How do you respond to such criticism?
LMH: Well, Im doing their job. They get paid for preventing such issues
from happening. I suppose they also get paid for writing clean code (or
doing their best at keeping it that way). This applies most for
commercial software, but also for companies which rely on a so-called
open-source model. Those flaws would exist with me publishing them or
not. I gave advantage to a specific GNU/Linux vendor a year ago. The
ISO9660 issue released yesterday has been sitting on my desk for over 6
months now. I still keep a Python byte-code bug for over a year. I could
enumerate dozens of facts and that wouldnt change the mind of those who
criticize the project.
So, basically the answer is: We all make mistakes, but not everyone
accepts it. Not everyone likes to be informed about issues in his work.
We all like clean records. But if someone gives you privileged access to
information and you fail to deal with it responsibly, being trustworthy
and honest, then you dont deserve it anymore. In the worst case you get
kicked out, and in the best case someone discloses the bug and expects
you to fix it. If you still want to play the FUD and politics, well then
go fix your code. ;-)
SecuriTeam: Can researchers submit bugs for publication during the Month
of Kernel Bugs?
LMH: Sure, and those will be properly credited. MoKB is open for
contributions. There are enough bugs to run it for over another month,
but some issues arent as interesting as others. This week some really
nice issues may be released.
Im finding not less than 4-5 new issues per week, thus availability isnt
a problem right now. Im trying to focus on releasing the most nice ones
first and releasing a moderately nice one between each hot spot.
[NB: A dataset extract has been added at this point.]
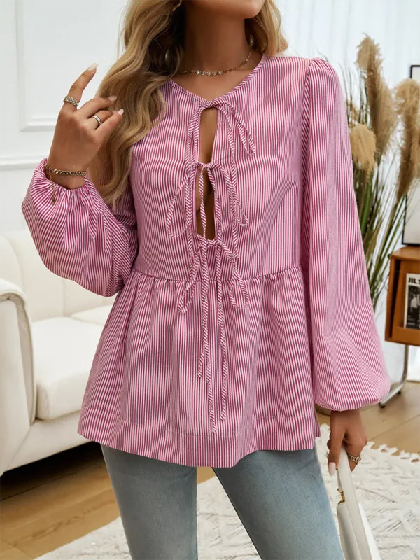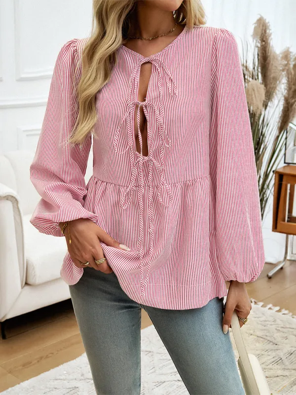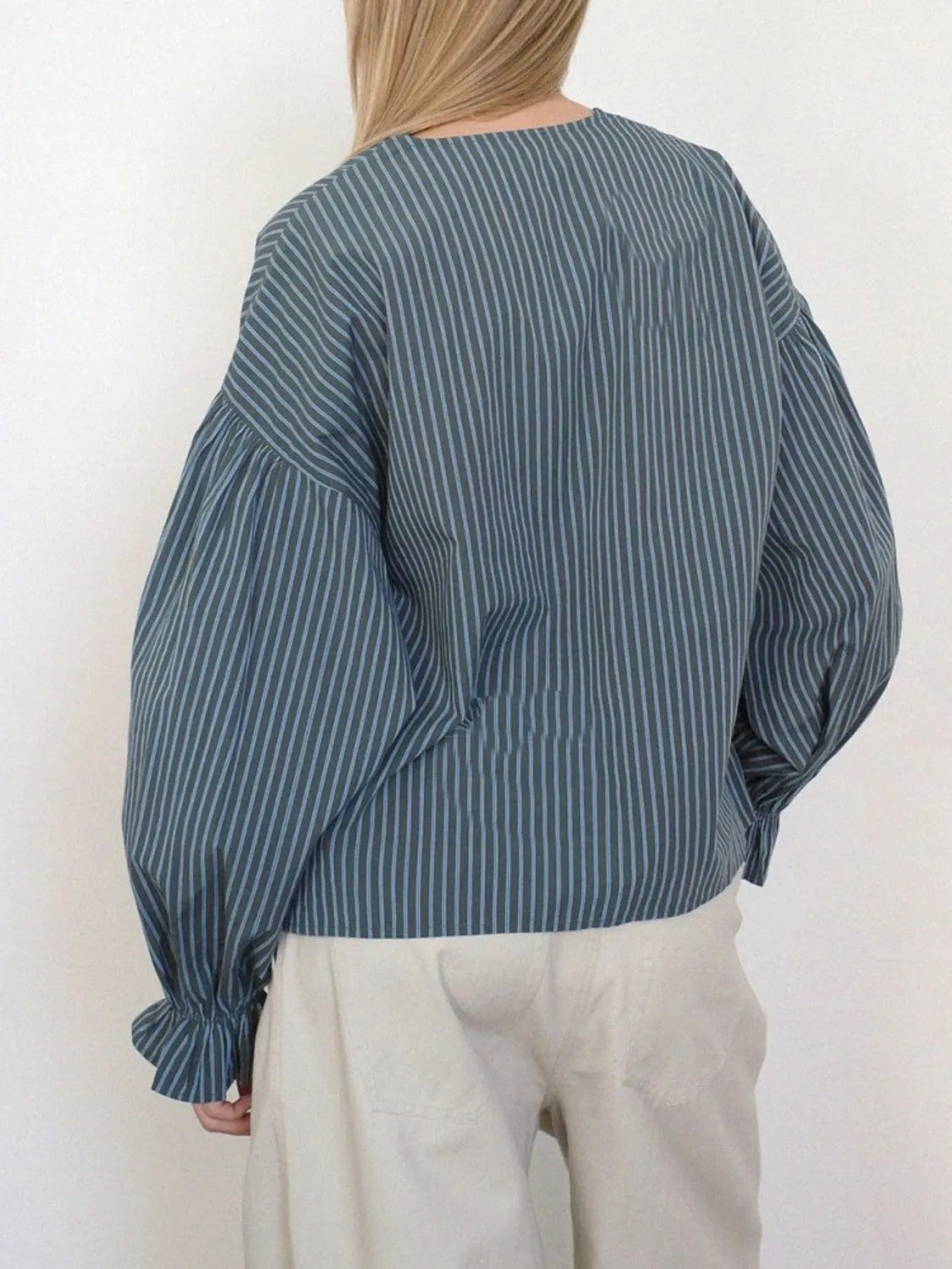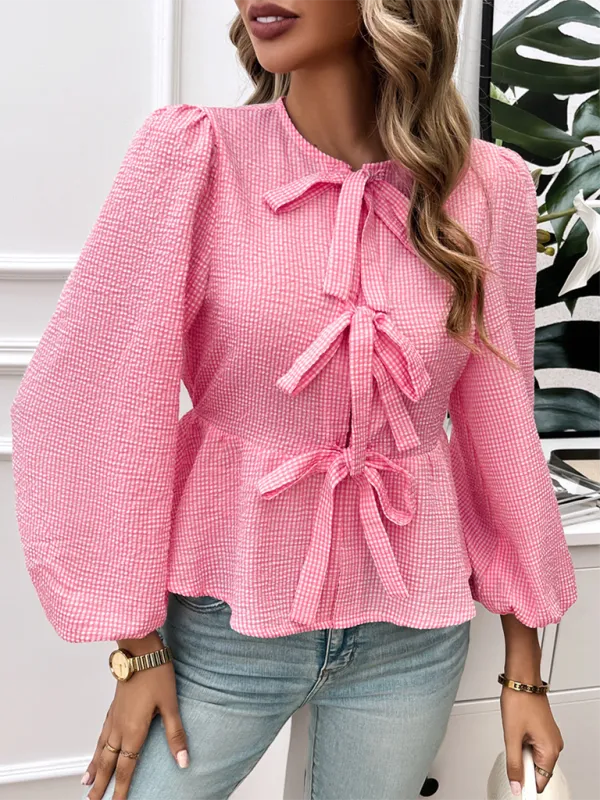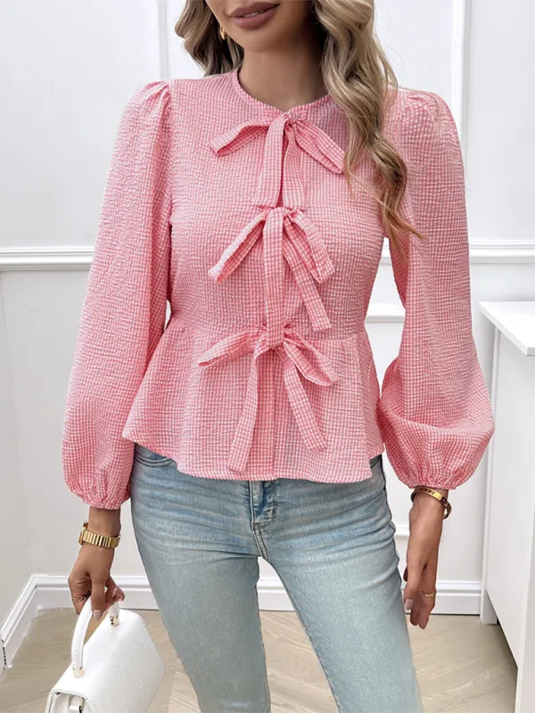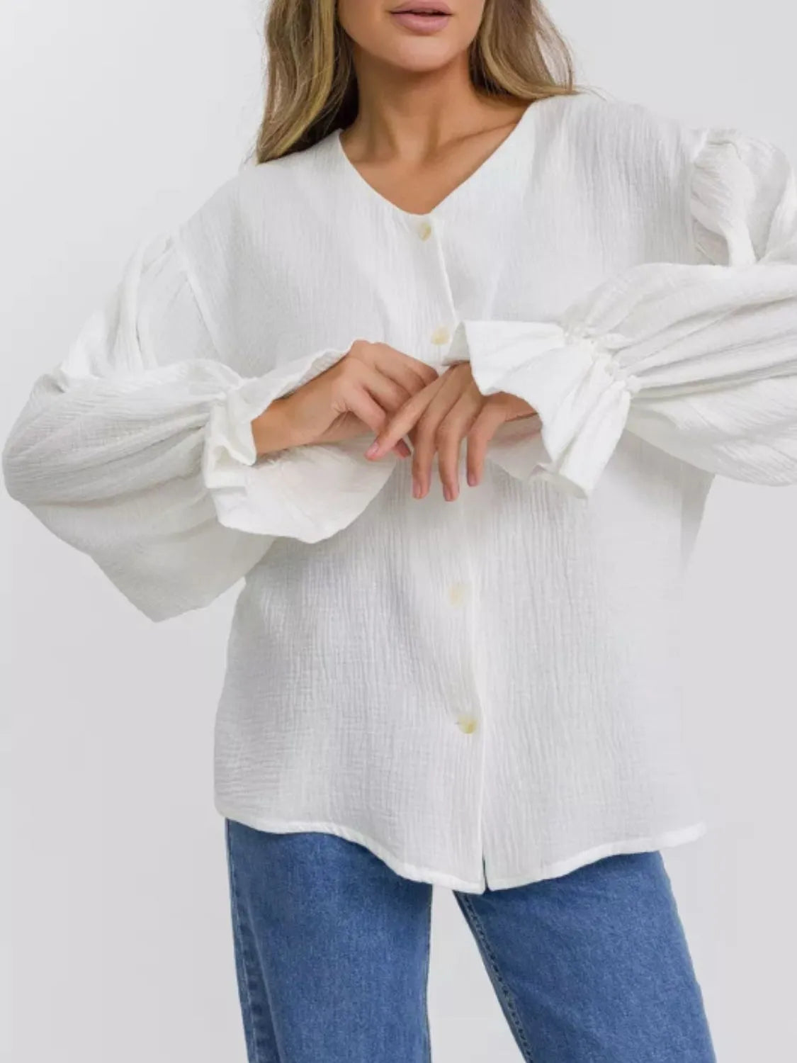 Women's Elegant Lace Stand Collar Puff Sleeve Shirt

Some people suggested to have a week for each platform: ex. the Mac OS
X/XNU week, the Linux week, etc. But well, its too late for that. Maybe
for the next years MoKB edition. :-)
SecuriTeam: The Month of Kernel Bugs started off in a rather dramatic
fashion with the publication of an Apple AirPort driver flaw. Are there
more bugs of that magnitude to come?
LMH: Someone has used the word vitriolic to describe the reactions of a
certain group of users. I would say masochistic instead.
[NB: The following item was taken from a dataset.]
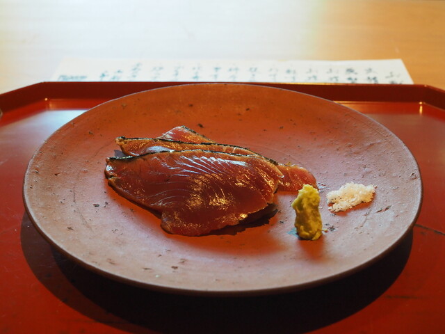 お造り二品目はカツオの藁焼き。脂乗りと赤身の力強さを併せ持った絶品の迷い鰹であり、燻香も香ばしい。ペアリングは強めの味付けで、カツオに負けない味わいで彩る。
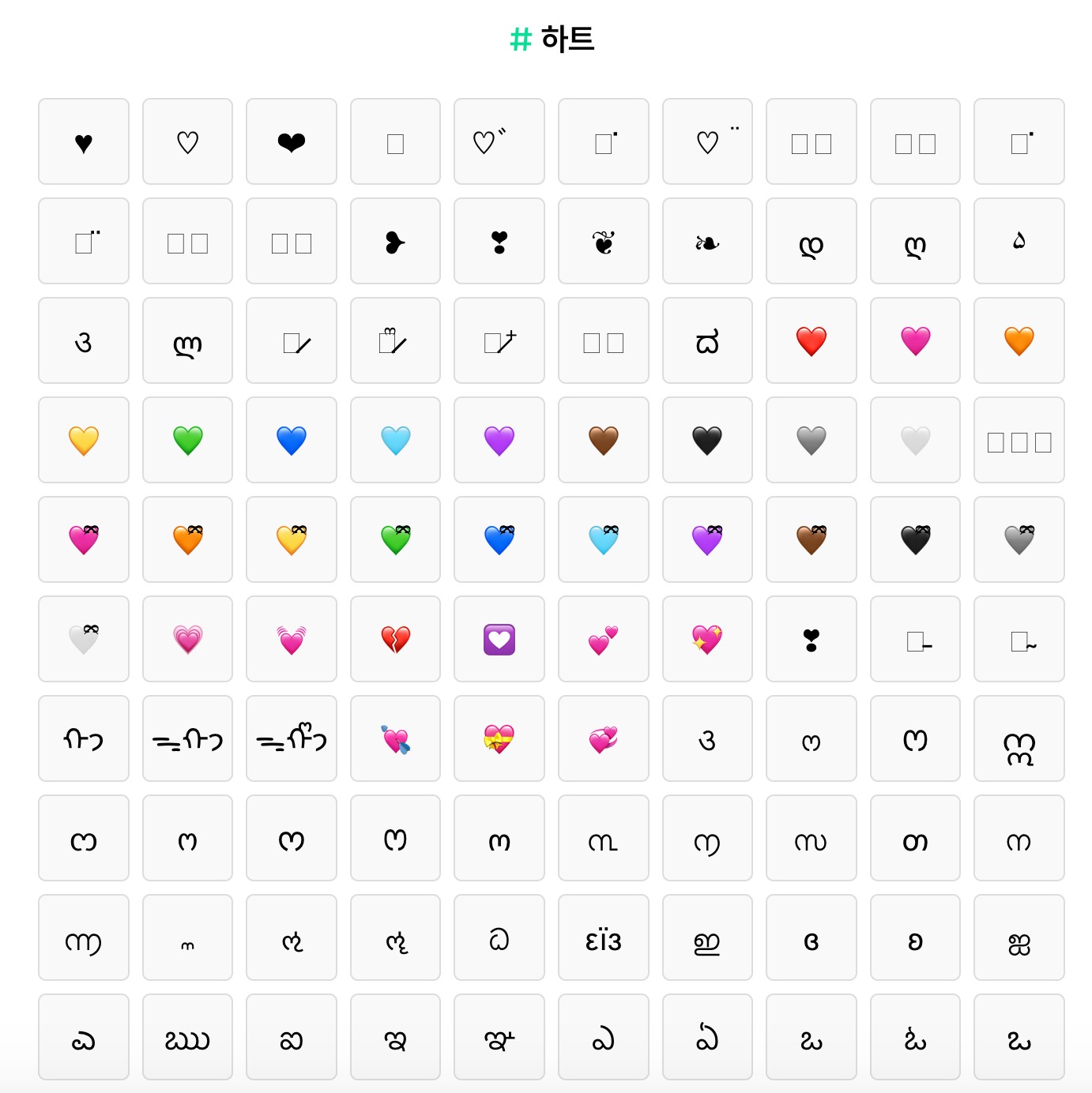 다양한 하트 기호와 이모지는 여기에서 확인할 수 있습니다.

Definitely, there will be more wireless and, in particular, Apple drama
to come. If theres time left for it, I may work on smart phones and
other technology which can be abused (as they have a wide range of
possibilities when it comes to rf-based connectivity).
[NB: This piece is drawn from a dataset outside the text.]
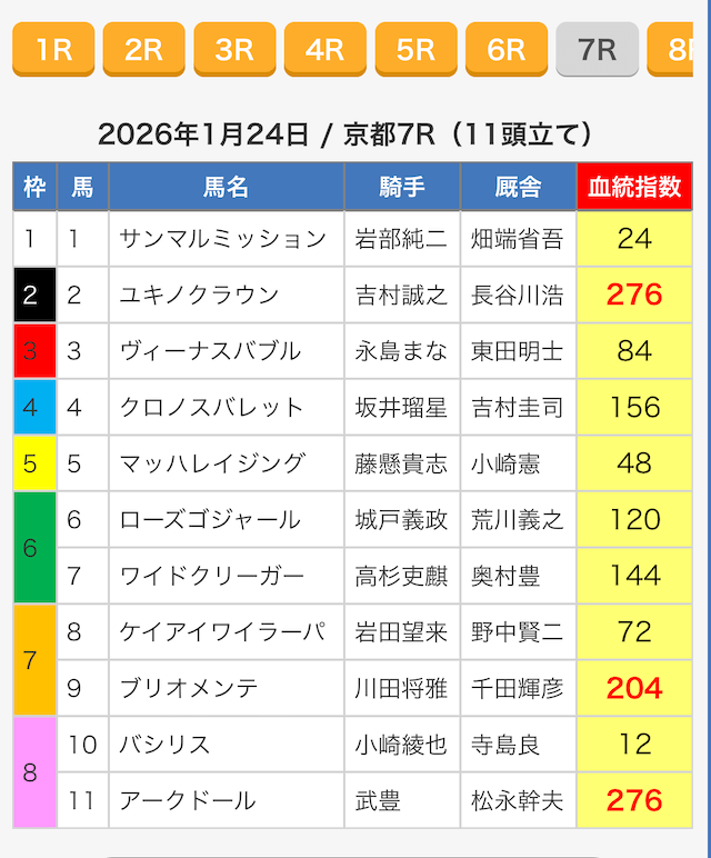 - 不的中 1月10日 京都7R

SecuriTeam: Where can people go to find out more about the project and
to read about the latest vulnerabilities?
The Kernel Fun blog is the discussion and official announcement place,
located at http://kernelfun.blogspot.com
The issues, proof of concepts, FAQ and other technical information is
available at http://projects.info-pull.com/mokb/
SecuriTeam: Anything else our readers should know about the project?
LMH: I would like to note that, while theres no interest nor intention
to make money with this, hardware and donations for testing equipment
(ex. wireless cards, smart phones, etc) are welcome. Hardware could be
returned, it doesnt need to be permanently donated (while this is
preferred as deadlines are a potential disadvantage). Anyway, I dont
think its an issue right now. Even if for testing wireless devices
theres an evident need of dedicated hardware for such purposes.
SecuriTeam: Thanks for your time today.
LMH: Youre welcome. Thanks for your time as well.